§ Exercise
Set down each entry as it stands. Skip the pictures.

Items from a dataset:
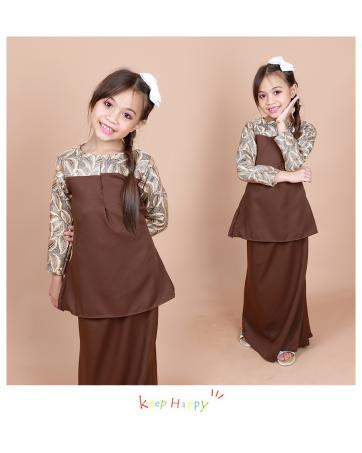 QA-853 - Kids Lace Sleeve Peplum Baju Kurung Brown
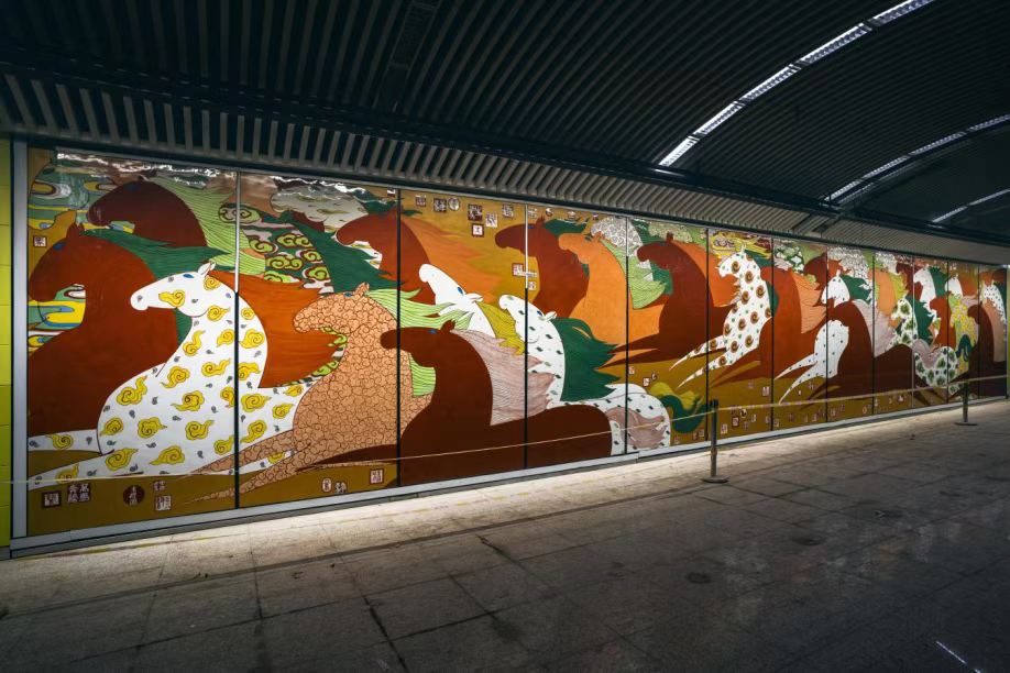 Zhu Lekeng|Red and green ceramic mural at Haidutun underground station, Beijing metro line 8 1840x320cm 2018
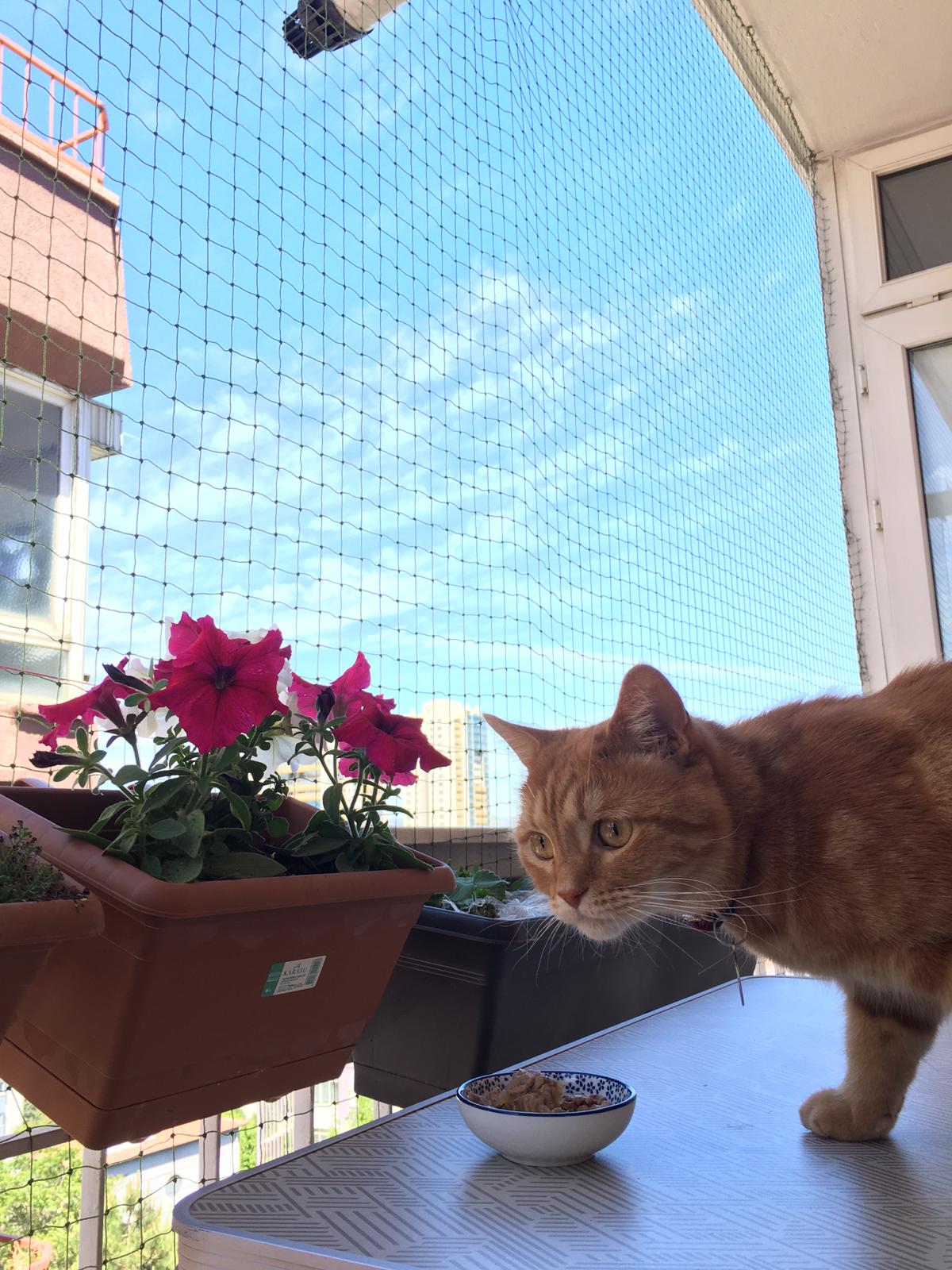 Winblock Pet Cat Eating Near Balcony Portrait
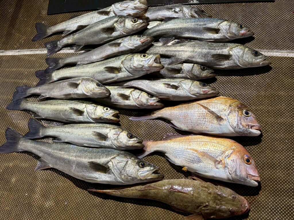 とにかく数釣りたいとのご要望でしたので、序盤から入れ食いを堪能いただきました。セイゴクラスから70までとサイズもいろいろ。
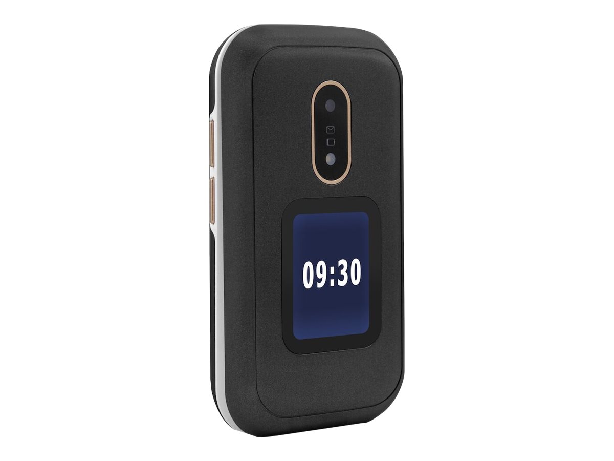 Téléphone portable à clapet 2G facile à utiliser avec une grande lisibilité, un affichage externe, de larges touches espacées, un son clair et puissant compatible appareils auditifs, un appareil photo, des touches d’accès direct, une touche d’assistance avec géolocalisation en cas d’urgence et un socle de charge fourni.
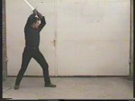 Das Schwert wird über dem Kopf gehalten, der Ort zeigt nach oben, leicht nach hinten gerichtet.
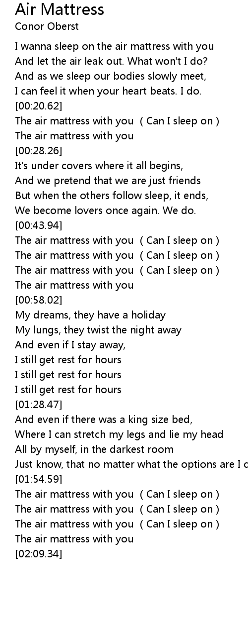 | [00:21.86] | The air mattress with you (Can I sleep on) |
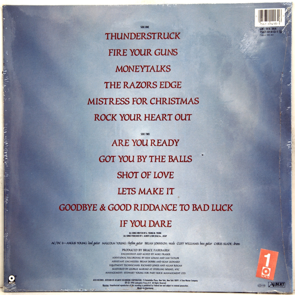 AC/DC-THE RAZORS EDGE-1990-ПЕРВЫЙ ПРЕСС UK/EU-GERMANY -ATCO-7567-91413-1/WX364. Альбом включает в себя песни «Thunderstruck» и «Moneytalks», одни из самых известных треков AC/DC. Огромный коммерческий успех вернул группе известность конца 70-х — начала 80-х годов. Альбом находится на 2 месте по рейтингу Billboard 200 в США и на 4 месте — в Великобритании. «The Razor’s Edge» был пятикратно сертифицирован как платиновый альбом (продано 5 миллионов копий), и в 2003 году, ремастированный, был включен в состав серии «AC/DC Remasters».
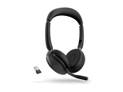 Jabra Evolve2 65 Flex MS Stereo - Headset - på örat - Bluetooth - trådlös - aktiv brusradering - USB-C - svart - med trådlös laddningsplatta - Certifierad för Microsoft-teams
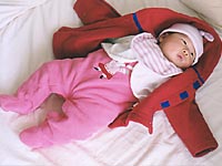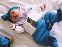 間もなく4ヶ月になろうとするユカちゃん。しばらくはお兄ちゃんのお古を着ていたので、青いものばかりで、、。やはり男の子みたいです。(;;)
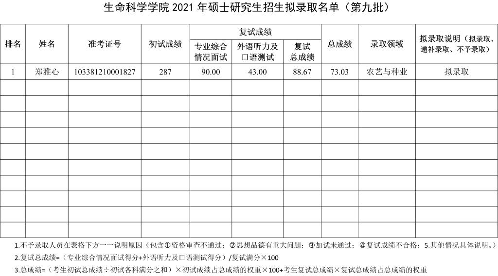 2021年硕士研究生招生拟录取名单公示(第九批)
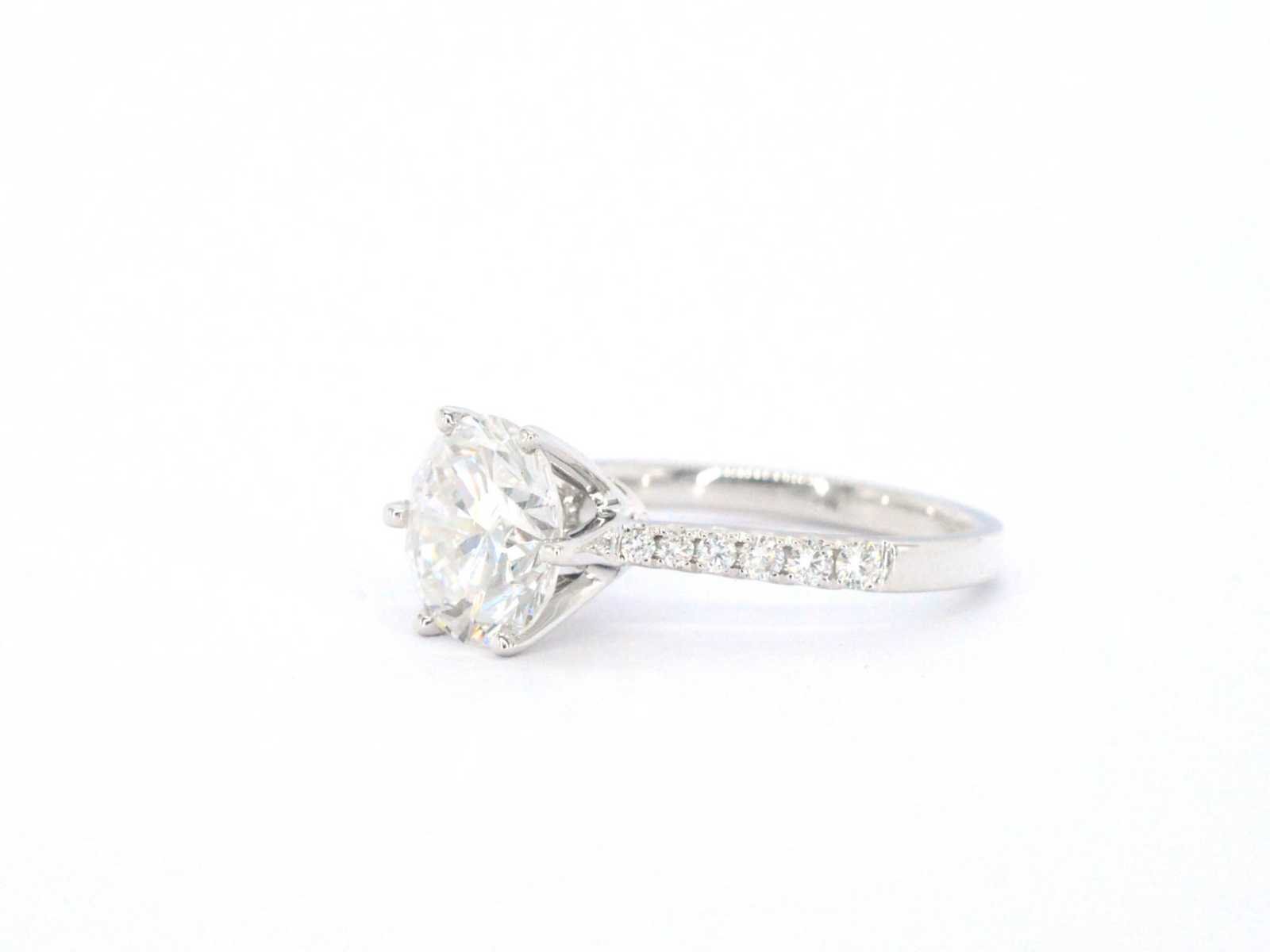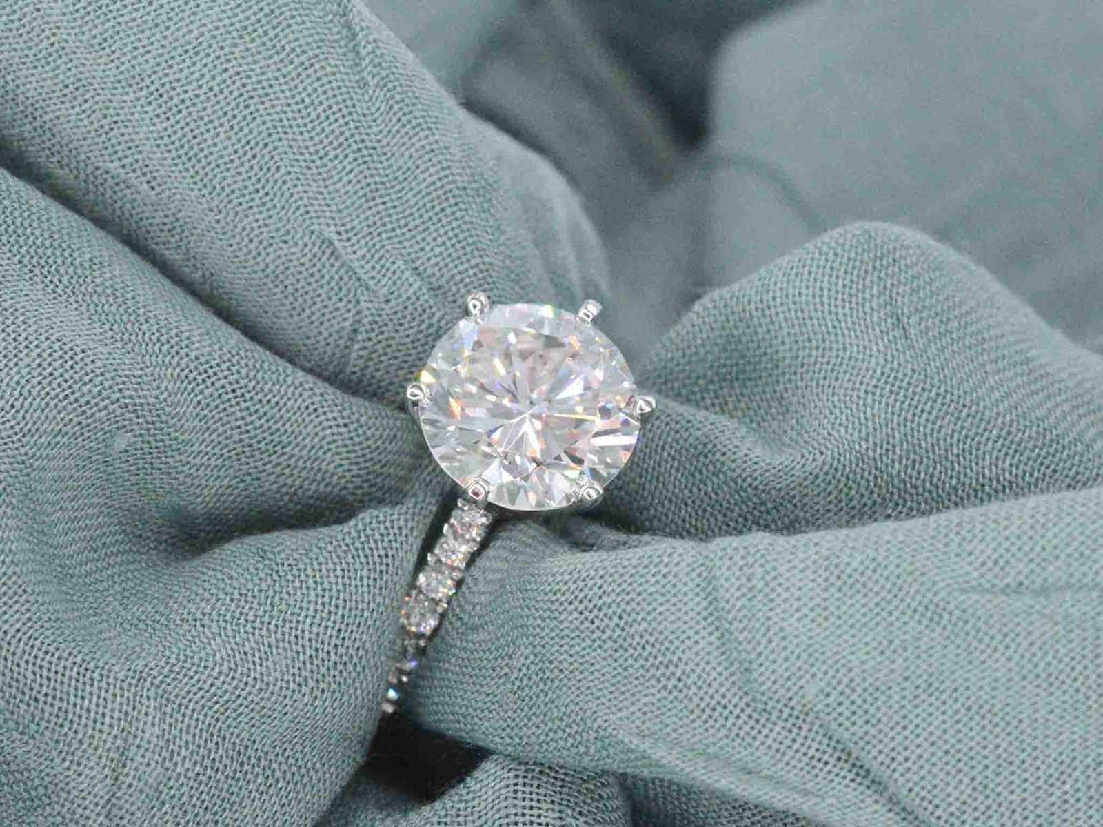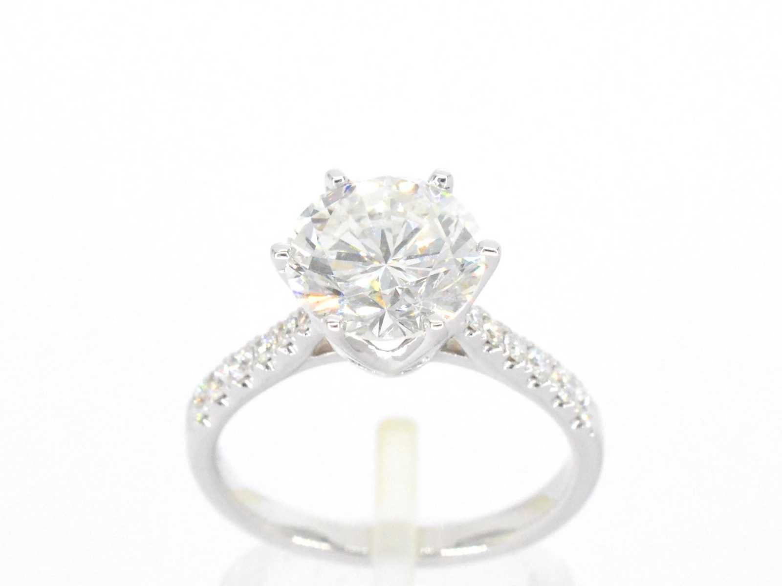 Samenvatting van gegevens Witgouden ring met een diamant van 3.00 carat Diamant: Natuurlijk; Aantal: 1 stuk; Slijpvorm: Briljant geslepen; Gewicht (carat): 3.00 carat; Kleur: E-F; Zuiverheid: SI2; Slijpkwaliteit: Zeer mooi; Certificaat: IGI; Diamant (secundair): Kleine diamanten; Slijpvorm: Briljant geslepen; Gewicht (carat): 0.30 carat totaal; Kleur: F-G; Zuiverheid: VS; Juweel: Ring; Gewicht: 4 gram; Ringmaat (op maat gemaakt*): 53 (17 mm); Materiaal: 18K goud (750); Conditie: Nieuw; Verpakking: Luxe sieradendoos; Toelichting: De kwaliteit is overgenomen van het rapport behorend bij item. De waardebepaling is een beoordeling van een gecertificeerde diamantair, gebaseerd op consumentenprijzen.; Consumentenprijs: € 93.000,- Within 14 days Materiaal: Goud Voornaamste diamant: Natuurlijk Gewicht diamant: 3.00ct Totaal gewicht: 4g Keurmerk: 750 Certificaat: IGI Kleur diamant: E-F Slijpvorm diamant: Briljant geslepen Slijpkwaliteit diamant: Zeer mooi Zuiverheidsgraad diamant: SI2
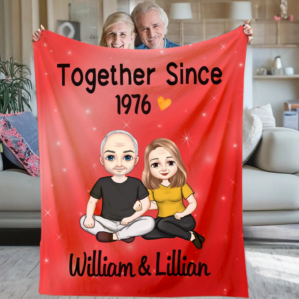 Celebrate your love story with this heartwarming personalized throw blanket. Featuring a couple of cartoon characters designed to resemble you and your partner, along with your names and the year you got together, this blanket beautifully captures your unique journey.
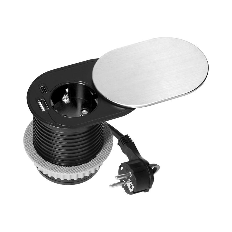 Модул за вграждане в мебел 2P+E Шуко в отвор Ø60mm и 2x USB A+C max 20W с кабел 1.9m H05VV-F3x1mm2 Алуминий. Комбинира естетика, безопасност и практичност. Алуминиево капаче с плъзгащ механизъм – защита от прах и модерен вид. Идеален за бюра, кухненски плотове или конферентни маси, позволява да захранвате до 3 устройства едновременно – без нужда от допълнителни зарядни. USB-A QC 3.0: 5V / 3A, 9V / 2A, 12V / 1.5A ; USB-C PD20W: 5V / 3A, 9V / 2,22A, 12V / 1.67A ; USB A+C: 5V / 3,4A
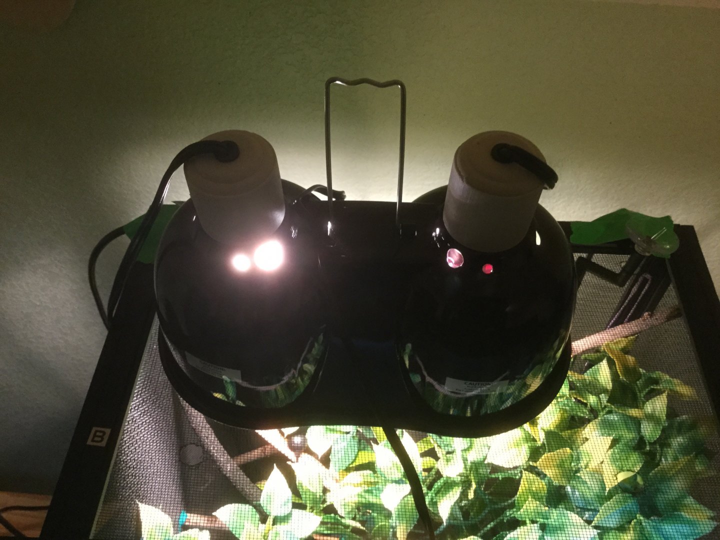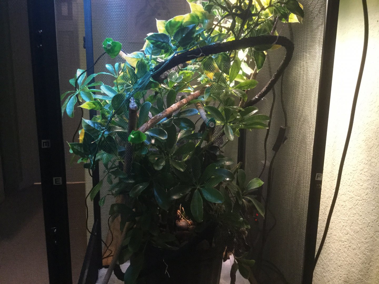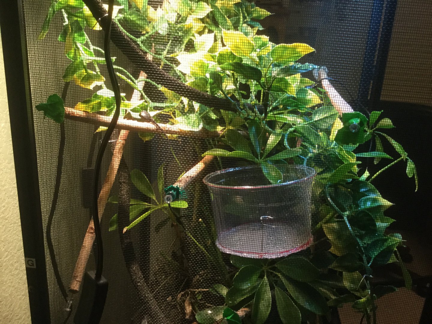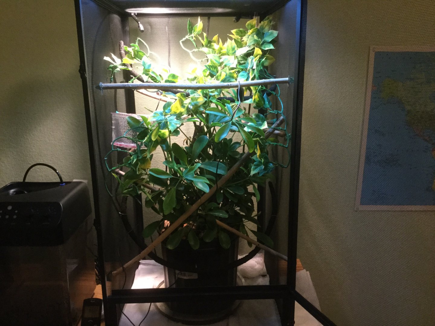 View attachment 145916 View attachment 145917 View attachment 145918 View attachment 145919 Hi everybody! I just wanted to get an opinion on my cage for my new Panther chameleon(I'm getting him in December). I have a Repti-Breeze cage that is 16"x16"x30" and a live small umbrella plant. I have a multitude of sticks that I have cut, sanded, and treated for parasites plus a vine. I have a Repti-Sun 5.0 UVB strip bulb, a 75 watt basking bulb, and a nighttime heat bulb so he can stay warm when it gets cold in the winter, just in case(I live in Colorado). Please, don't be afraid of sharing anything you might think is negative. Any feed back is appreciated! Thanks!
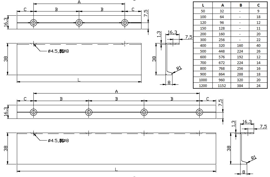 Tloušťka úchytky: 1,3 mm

§ Solution to this exercise
 QA-853 - Kids Lace Sleeve Peplum Baju Kurung Brown
 Zhu Lekeng|Red and green ceramic mural at Haidutun underground station, Beijing metro line 8 1840x320cm 2018
 Winblock Pet Cat Eating Near Balcony Portrait
 とにかく数釣りたいとのご要望でしたので、序盤から入れ食いを堪能いただきました。セイゴクラスから70までとサイズもいろいろ。
 Téléphone portable à clapet 2G facile à utiliser avec une grande lisibilité, un affichage externe, de larges touches espacées, un son clair et puissant compatible appareils auditifs, un appareil photo, des touches d’accès direct, une touche d’assistance avec géolocalisation en cas d’urgence et un socle de charge fourni.
 Das Schwert wird über dem Kopf gehalten, der Ort zeigt nach oben, leicht nach hinten gerichtet.
 | [00:21.86] | The air mattress with you (Can I sleep on) |
 AC/DC-THE RAZORS EDGE-1990-ПЕРВЫЙ ПРЕСС UK/EU-GERMANY -ATCO-7567-91413-1/WX364. Альбом включает в себя песни «Thunderstruck» и «Moneytalks», одни из самых известных треков AC/DC. Огромный коммерческий успех вернул группе известность конца 70-х — начала 80-х годов. Альбом находится на 2 месте по рейтингу Billboard 200 в США и на 4 месте — в Великобритании. «The Razor’s Edge» был пятикратно сертифицирован как платиновый альбом (продано 5 миллионов копий), и в 2003 году, ремастированный, был включен в состав серии «AC/DC Remasters».
 Jabra Evolve2 65 Flex MS Stereo - Headset - på örat - Bluetooth - trådlös - aktiv brusradering - USB-C - svart - med trådlös laddningsplatta - Certifierad för Microsoft-teams
 間もなく4ヶ月になろうとするユカちゃん。しばらくはお兄ちゃんのお古を着ていたので、青いものばかりで、、。やはり男の子みたいです。(;;)
 2021年硕士研究生招生拟录取名单公示(第九批)
 Samenvatting van gegevens Witgouden ring met een diamant van 3.00 carat Diamant: Natuurlijk; Aantal: 1 stuk; Slijpvorm: Briljant geslepen; Gewicht (carat): 3.00 carat; Kleur: E-F; Zuiverheid: SI2; Slijpkwaliteit: Zeer mooi; Certificaat: IGI; Diamant (secundair): Kleine diamanten; Slijpvorm: Briljant geslepen; Gewicht (carat): 0.30 carat totaal; Kleur: F-G; Zuiverheid: VS; Juweel: Ring; Gewicht: 4 gram; Ringmaat (op maat gemaakt*): 53 (17 mm); Materiaal: 18K goud (750); Conditie: Nieuw; Verpakking: Luxe sieradendoos; Toelichting: De kwaliteit is overgenomen van het rapport behorend bij item. De waardebepaling is een beoordeling van een gecertificeerde diamantair, gebaseerd op consumentenprijzen.; Consumentenprijs: € 93.000,- Within 14 days Materiaal: Goud Voornaamste diamant: Natuurlijk Gewicht diamant: 3.00ct Totaal gewicht: 4g Keurmerk: 750 Certificaat: IGI Kleur diamant: E-F Slijpvorm diamant: Briljant geslepen Slijpkwaliteit diamant: Zeer mooi Zuiverheidsgraad diamant: SI2
 Celebrate your love story with this heartwarming personalized throw blanket. Featuring a couple of cartoon characters designed to resemble you and your partner, along with your names and the year you got together, this blanket beautifully captures your unique journey.
 Модул за вграждане в мебел 2P+E Шуко в отвор Ø60mm и 2x USB A+C max 20W с кабел 1.9m H05VV-F3x1mm2 Алуминий. Комбинира естетика, безопасност и практичност. Алуминиево капаче с плъзгащ механизъм – защита от прах и модерен вид. Идеален за бюра, кухненски плотове или конферентни маси, позволява да захранвате до 3 устройства едновременно – без нужда от допълнителни зарядни. USB-A QC 3.0: 5V / 3A, 9V / 2A, 12V / 1.5A ; USB-C PD20W: 5V / 3A, 9V / 2,22A, 12V / 1.67A ; USB A+C: 5V / 3,4A
 View attachment 145916 View attachment 145917 View attachment 145918 View attachment 145919 Hi everybody! I just wanted to get an opinion on my cage for my new Panther chameleon(I'm getting him in December). I have a Repti-Breeze cage that is 16"x16"x30" and a live small umbrella plant. I have a multitude of sticks that I have cut, sanded, and treated for parasites plus a vine. I have a Repti-Sun 5.0 UVB strip bulb, a 75 watt basking bulb, and a nighttime heat bulb so he can stay warm when it gets cold in the winter, just in case(I live in Colorado). Please, don't be afraid of sharing anything you might think is negative. Any feed back is appreciated! Thanks!
 Tloušťka úchytky: 1,3 mm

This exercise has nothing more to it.